The consensus points on the positive side are Zendaya’s performance and Alana Haim’s work as Rachel. Nearly every positive review singles out Haim as the scene-stealer, with The Film Verdict comparing her to Susie Essman in Curb Your Enthusiasm in terms of combustive energy.

On Zendaya, the Times called her “slyly brilliant,” RogerEbert.com wrote that she “communicates regret and fragility through the discreet way she holds her body, like a wounded bird caught in the midst of an ice storm,” and the Hollywood Reporter noted that Zendaya is “far more complicated and unsettling than the gamine we first meet.”

The Controversy That Preceded The Reviews

Before a single professional review published, the film was already generating real-world backlash from an unexpected source.

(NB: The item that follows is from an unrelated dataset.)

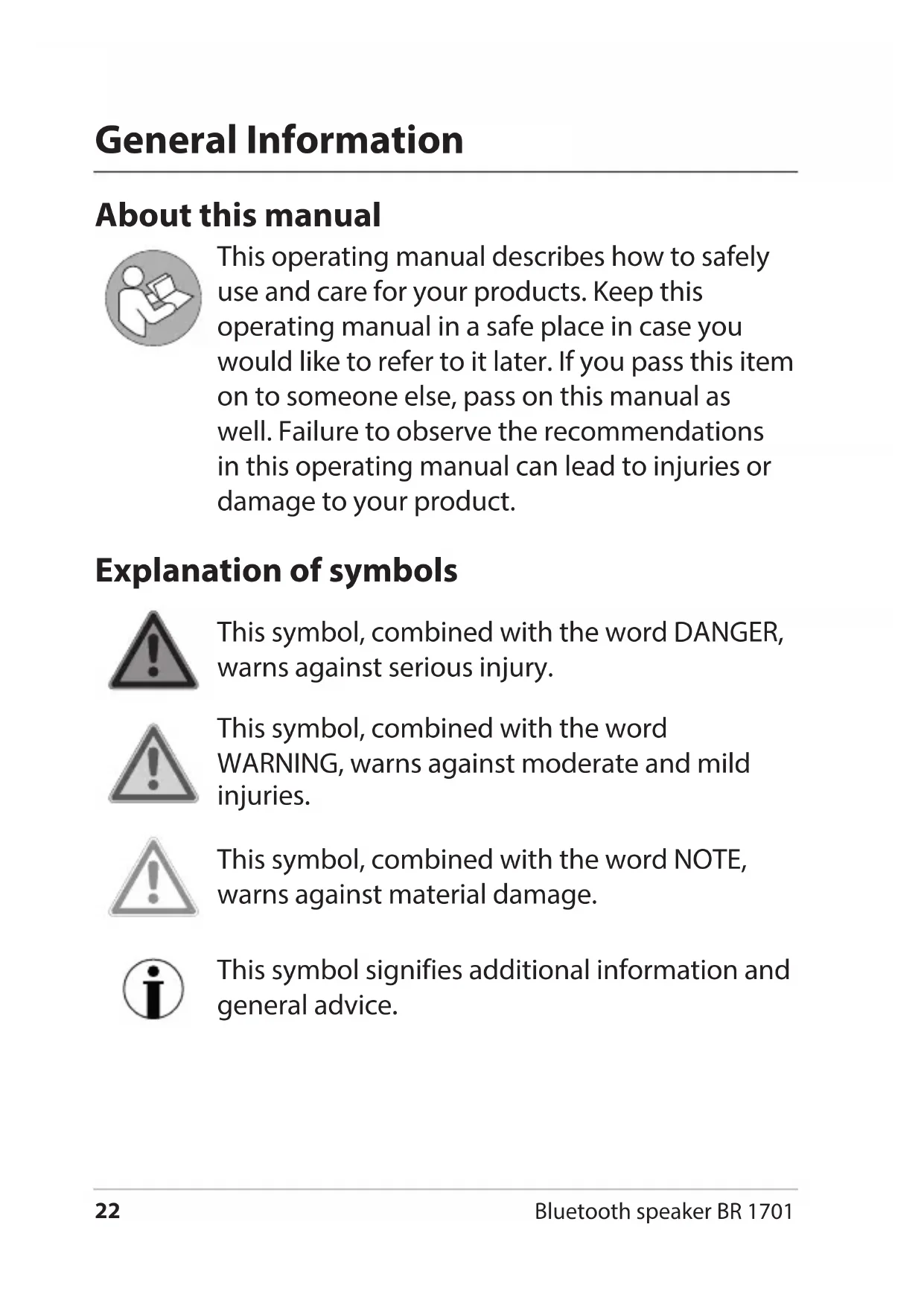 audio device.32 Bluetooth speaker BR 1701 Pay attention to the following: Use the button to mute the speaker. If you connect the audio cable to the speaker during audio playback via Bluetooth, it will switch automatically to the AUX input. In AUX mode, the phone function is disabled. The track control is carried out exclusively via the external audio device. Using the snap hook The snap hook can be used to carry the speaker on a belt loop. Do not use the snap hook for other purposes than intended! RESET function The device can stop responding due to electromagnetic radiation in the environment. − In this case, press and hold down the button for approx. 8 seconds to reset. After that, the speaker will respond again as usual. Cleaning − Clean the speaker with a slightly damp cloth and mild detergent. Make sure that no moisture penetrates the device.33 Bluetooth speaker BR 1701 English Fault/Remedy Fault Possible Cause No function. Charge the speaker battery, if necessary. If the battery is fully charged: Perform a RESET. No audio playback. Check whether playback has been interrupted (press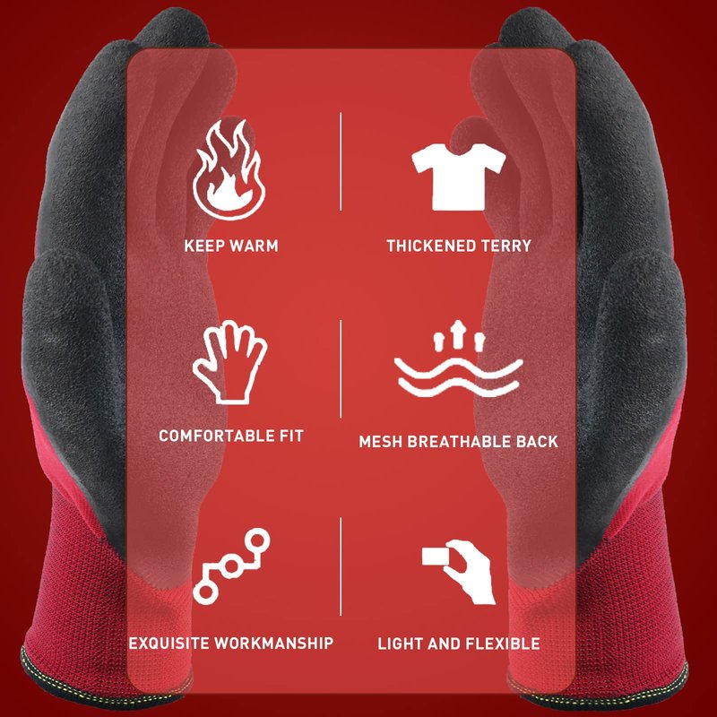 - HIGH-QUALITY WORK GLOVES -- This winter work glove with a red polyester lining,excellent anti-slip performance, oil resistance, and durability. The unique two-layer coating that prevents liquids from seeping into the gloves and contact with the hand, unaffected by oil and water environments.

Tom Mauser, whose son Daniel was among the thirteen people killed at Columbine High School on April 20, 1999, spoke to TMZ after early screenings revealed the plot, calling the twist “awful” and saying he was “disgusted” that the subject was being used as a romantic plot device.

He said the casting of Zendaya in particular “humanises” school shooters and that school shooting ideation is “something that should be addressed by a therapist and not used for entertainment purposes.”

His statement circulated widely and accelerated the pre-release conversation around the film.

Director Kristoffer Borgli addressed the genre question at the world premiere, acknowledging the film resists easy categorization,

“It’s been a challenge to put a genre on the movie. Obviously the title has a genre, but it doesn’t feel right. It doesn’t capture the full scope. I’ve seen it labeled as comedy, drama, romcom, dark comedy, and they all apply, but they don’t capture the whole thing.”

Borgli is Norwegian and previously directed Dream Scenario, the Nicolas Cage film in which Cage played a man who began appearing involuntarily in strangers’ dreams.

The Drama is his first English-language film with an American cast and American subject matter.

It is produced by Ari Aster, the director of Hereditary and Midsommar, and Lars Knudsen and Tyler Campellone through A24.

The cinematography is by Arseni Khachaturan, the score by Daniel Pemberton, and the running time is 106 minutes.

The Drama opens in US theaters Friday, April 3, 2026. It is rated R for language, sexual content, and some violence.